Jump to: navigation, search

Protein Modeling is a Division C event for the 2021 season. It was introduced as a trial event in 2009 and as an official national event in the 2010-2011 season, 2011-2012 season, 2014-2015 season, 2015-2016 season, 2018-2019 season, and the 2019-2020 season. For the event, students use computer visualization and online resources to guide the construction of physical models of proteins and to understand how protein structure determines function. In 2016, students modeled proteins involved with dopamine and serotonin. In 2019, students studied the CRISPR-Cas9 and one of its inhibitors, AcrIIA4. In 2020 and 2021, students are studying the APOBEC3A Cytidine Deaminase and how it is used in direct base editing.

Previous Topics

Season Topic
2011 Pluripotent Stem Cells
2012 Apoptosis
2015 Human Genome
2016 Dopamine and Serotonin
2019 CRISPR and Anti-CRISPR
2020 CRISPR and Base Editing

Event Overview

In past years, competitors would build 2 models - one prebuild model and one onsite build. However, in 2020 this was changed and instead of an onsite model, students will explore any given protein using Jmol and answer questions regarding its structure. The prebuild still remains part of the competition, as well as a written test on a specific topic.

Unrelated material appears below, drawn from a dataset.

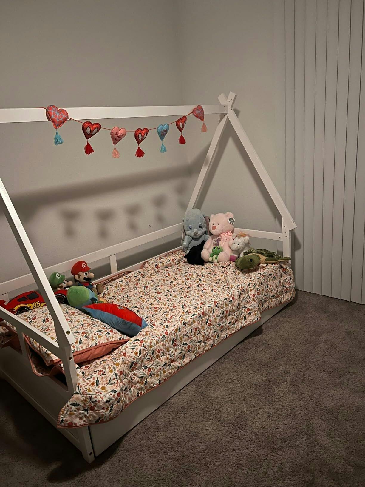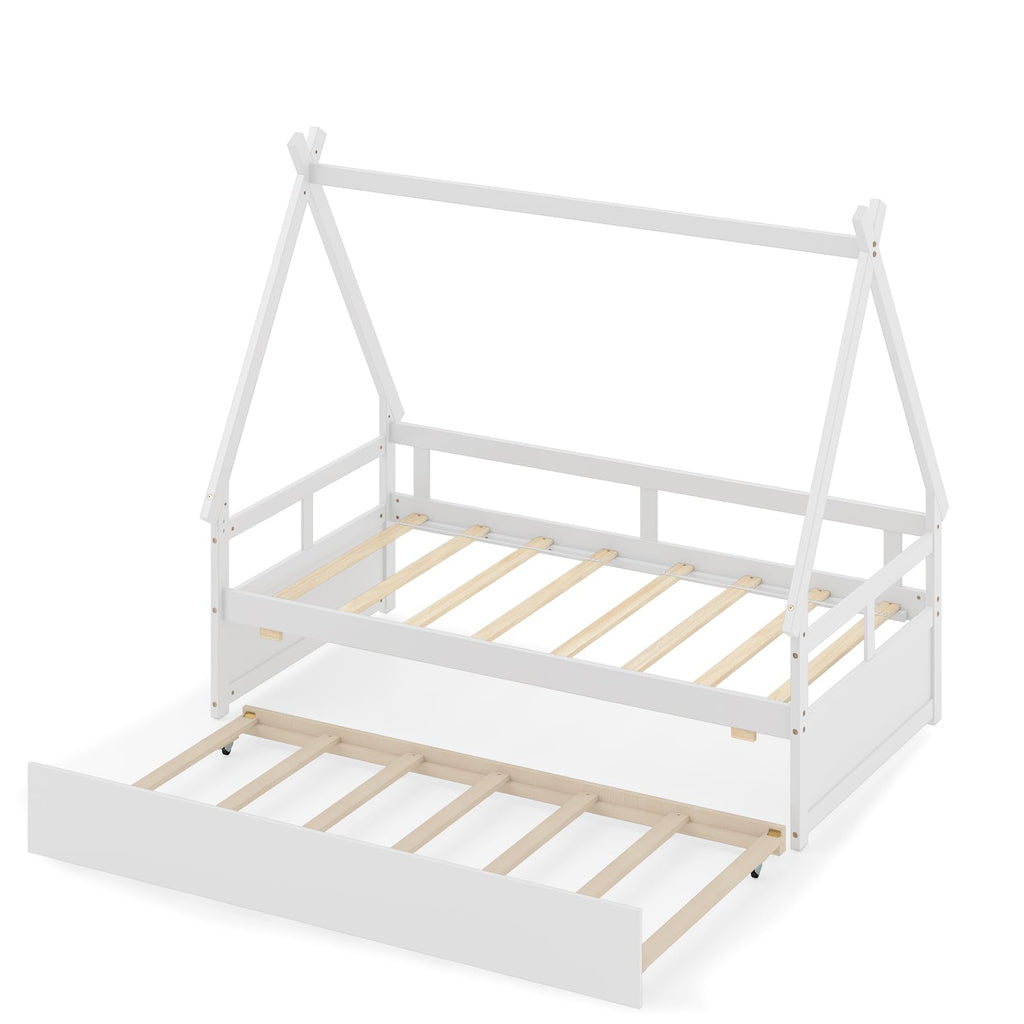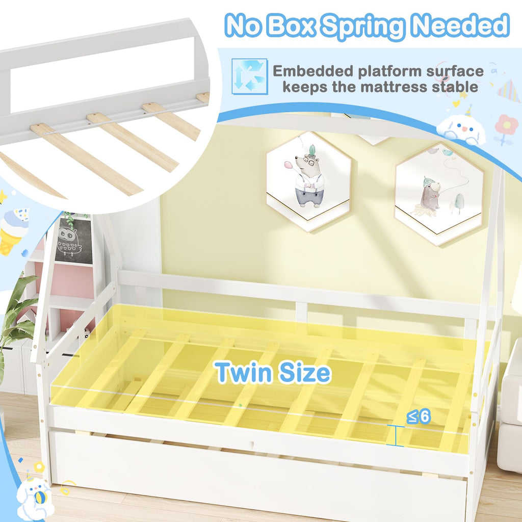 The house-shaped roof enables you to decorate the daybed with lovely flags, light strings, photos, and more, making it a lovely decoration. The bed frame features a slide-out trundle with smooth wheels, ideal for sleepovers or extra guests. Crafted with a robust wood frame and 15 sturdy plywood slats, the main platform bed supports up to 250 lbs, while the trundle can accommodate 200 lbs. Safety is a top priority with 9” guardrails and a secure embedded platform to keep your child safe while sleeping. Designed for a twin size mattress under 6” thick, this kids bed frame eliminates the need for a box spring, simplifying the setup process. Create a magical space for your child to sleep and play with this innovative house bed design.

For the 2021 season scoring is based on the following components:

  • Prebuild model: 40%
  • Jmol Exploration: 30%
  • Written Test: 30%

Allowed Materials

In the 2016-2017 season, five two-sided 8.5x11 sheets of reference materials from any source, typed, handwritten, or graphics, were allowed, along with a scientific calculator and writing utensils (a Sharpie or other permanent marker is recommended for marking the Mini-Toober for the on-site model, as well as normal pens/pencils for taking the test).

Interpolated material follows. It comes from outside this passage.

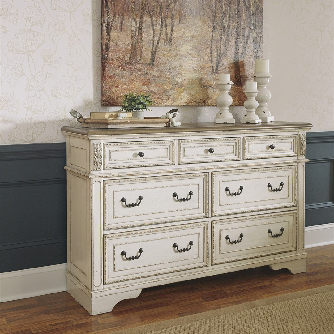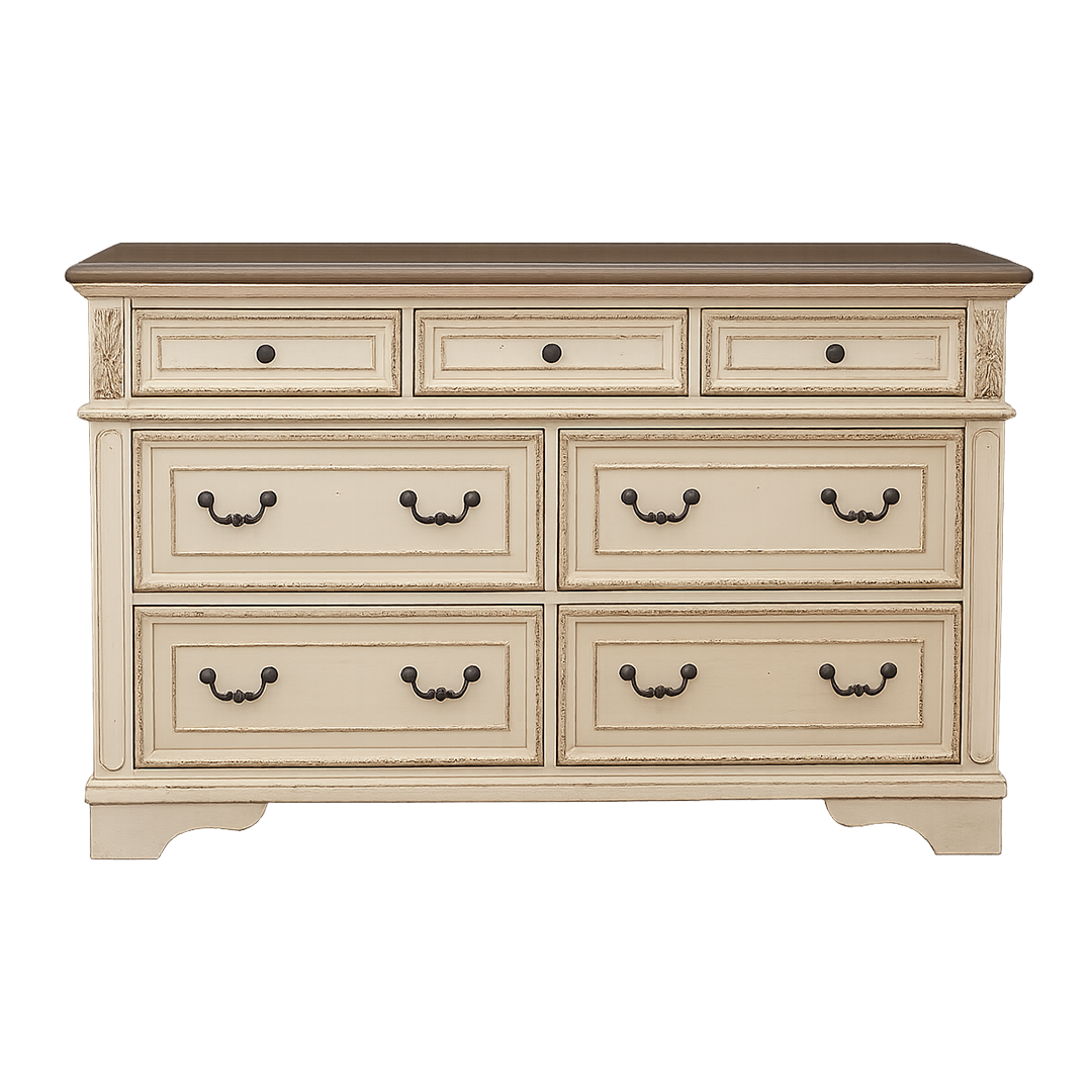 Geleneksel yazlık tarzı sanatını bir üst seviyeye taşıyan bu şifonyer, hayalinizdeki yatak odasının gerçekleşmesini sağlıyor. Antika iki tonlu estetiği, daha fazla çekicilik için yontulmuş beyazı eskitilmiş ahşap kaplamalı üst kısımla harmanlıyor. Çerçeveli çekmece cepheleri ve dekoratif konsollar zarafet katarken, koyu bronz tonlu kefalet çekmeceleri klasik bir dokunuş katıyor.

For the 2018-2019 season, only one two sided letter-size "cheatsheet" is allowed. Calculators are not allowed this year. In addition to markers, pens and pencils, teams are also encouraged to bring a metric ruler to aid in building the onsite model to the 2cm scale.

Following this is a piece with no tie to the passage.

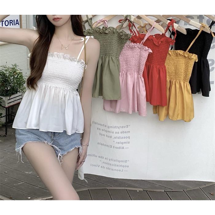 bayar ditempat- Tanktop Wanita Kerutan Sifon Motif Tali ikat (T293) / Tanktop Wanita Terbaru - Hitam (T293)

For 2020 and 2021, each participant may bring a sheet of paper - if there are three individuals competing in the event, each one may have a sheet of information. However, calculators are still not allowed.

Pre-Build Model

For the pre-build model, a section of a certain protein will be specified from the Protein Data Bank. Students purchase beforehand a Mini-Toober of the correct length, at a scale of 2 cm per amino acid residue, and red and blue plastic end-caps representing the carboxyl and amino termini of the protein chain respectively. The model must be correctly folded, and the end-caps placed at the correct ends of the protein chain, but the model must also include "creative additions" that showcase the function of the selected protein. Students must decide for themselves which sidechains and/or ligands are important to the protein's function and should be displayed. These additions must be explained on a two-sided, 3x5 index card, along with a paragraph explanation of how they are relevant to the protein's function, and submitted with the model, typically at impound.

The pre-build model is scored based on:

  • Accuracy and correct placement of secondary structures (alpha helices and beta sheets)
  • Accuracy of tertiary structure (3D arrangement of secondary structures- e.g., two strands of a beta sheet being correctly placed next to each other, and a nearby helix being perpendicular to both)
  • Relevance and correct placement of sidechains or ligands displayed on the model (and clarity/accuracy of the explanation on the card), as well as correct placement of end-caps
  • Relevance and creativity of "creative additions" (i.e., labeling the "fusion peptide" on hemagglutinin would receive points, but displaying every sidechain wouldn't, since that doesn't show any understanding of the protein's function)

For an example of how specific the pre-build model has to be (and of what constitutes good "creative additions"), see the 2010 National Tournament Pre-build Rubric and the 2011 National Tournament Pre-build Rubric.

On-Site Model

For the on-site model, a file would be specified from the Protein Data Bank, but the specific section of the protein that students would have to build would not be stated until the competition. At the competition, students would be given a Mini-Toober of the correct length, at the same scale of 2 cm per amino acid residue, foam representations of important sidechains or associated ligands, and red and blue plastic end-caps representing the carboxyl and amino termini of the protein chain respectively. The model had to be correctly folded, with the end-caps placed at the correct ends of the protein chain and the given sidechains or ligands attached to the Mini-Toober at the correct locations and with the correct orientations.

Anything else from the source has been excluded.